Hi,
I appreciate THL has room for more funding. You say in the report on animal charity evaluators that:
A direct referral from Open Philanthropy’s Farm Animal Welfare team — the largest funder in the impact-focused animal welfare space — on THL indeed currently being funding-constrained, i.e. that it has ample room to cost-effectively use marginal funds on corporate campaigns and that there aren’t strong diminishing returns to providing THL with extra funding.
However, Open Philanthropy (OP), which granted 8.3 M$ to THL in 2023, presumably wants to fund THL up to a certain point. Other donors donating to THL could simply mean OP has to donate less. So I wonder whether donating to THL has the same effect as donating to OP. If this is so, donating to THL would be equivalent to mostly supporting human welfare interventions.
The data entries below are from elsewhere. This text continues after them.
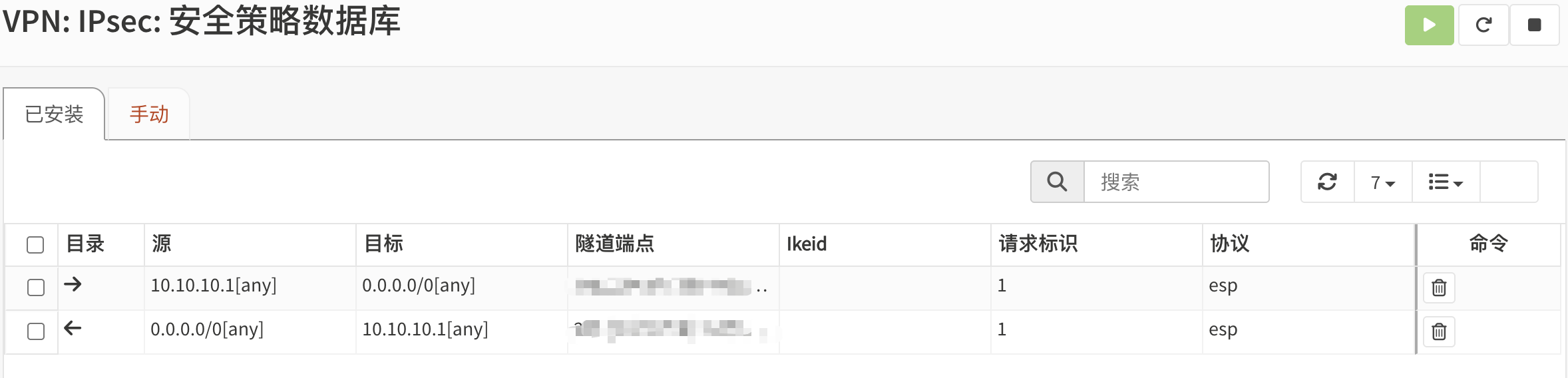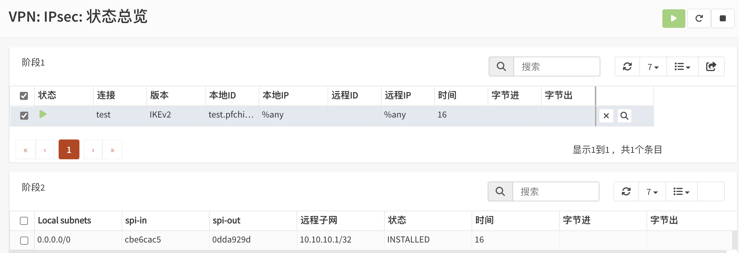 如果不能正常连接,请检查/var/log/ipsec/latest.log日志,分析排除故障。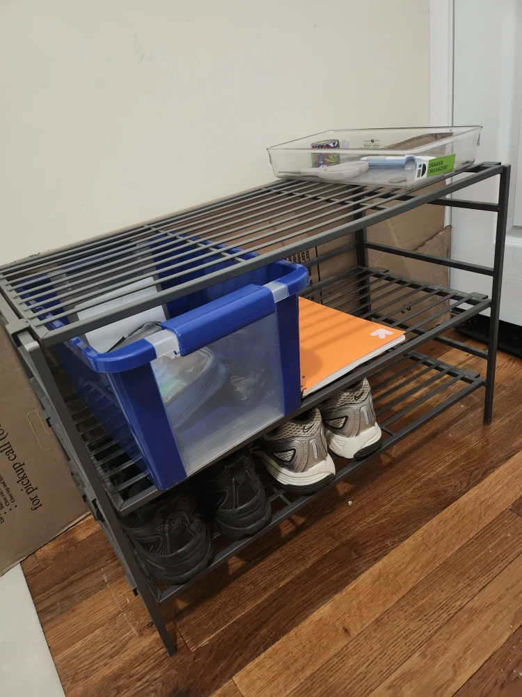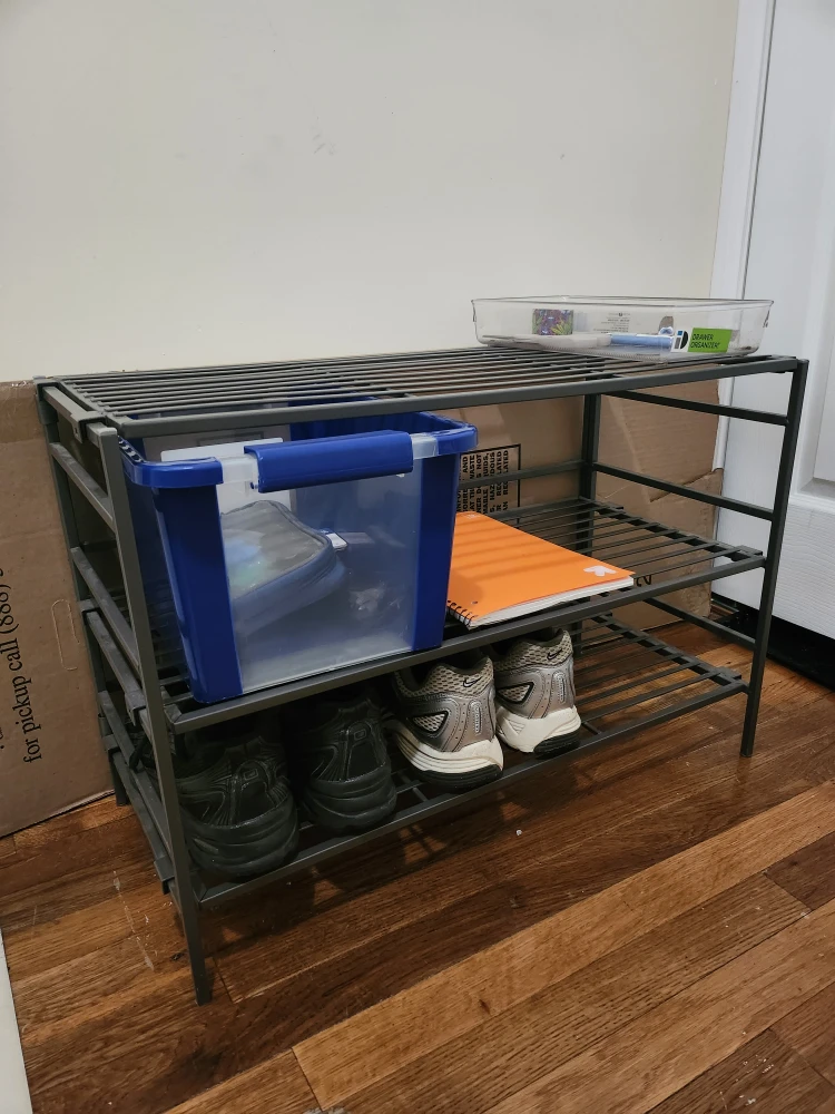 Selling a handy metal shoe rack with three tiers! It's perfect for keeping your entryway or closet organized. It's in great shape and ready to hold your shoes.
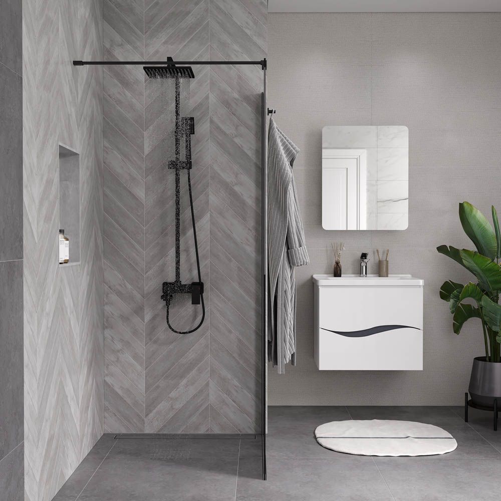 - Особенности: универсальная установка (слева/справа); закалённое стекло толщиной 8 мм; установка на поддон, бортик или пол; аннодированный алюминиевый профиль; регулировка ширины за счёт подрезания кронштейна, max длина 100 см; поворотный кронштейн, возможность крепления на любую стену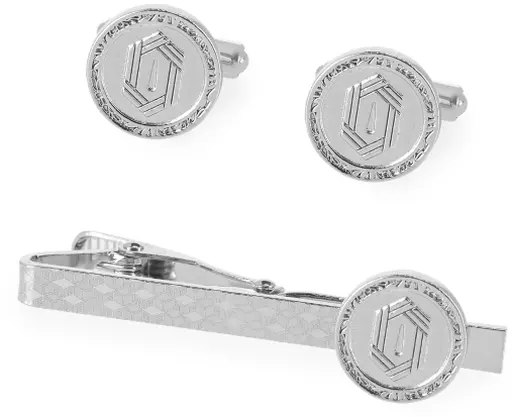 Size : Medal : approx. 13 mm dia. / Tie Bar : approx. 4.5 mm x 50 mm wide / Cuffs : approx. 13 mm dia.

Based on OP’s grants data on 17 February 2024, only 9.98 % of the money granted by OP has gone to animal welfare interventions.
I believe donations to AWF do not suffer as much from the above. Their grants are much smaller than OP’s.
Thanks for sharing, Gisele!
Have you considered analysing animal welfare interventions? It is not related to poverty and low development, but Brazil’s rising incomes are resulting in more factory-farming.
From 2002 to 2022, the number of poultry birds in Brazil increased 78.2 % (= 1.60*10^9/(898*10^6) − 1).
From 2000 to 2020, aquaculture production in Brazil increased 266 % (= 630*10^3/(172*10^3) − 1).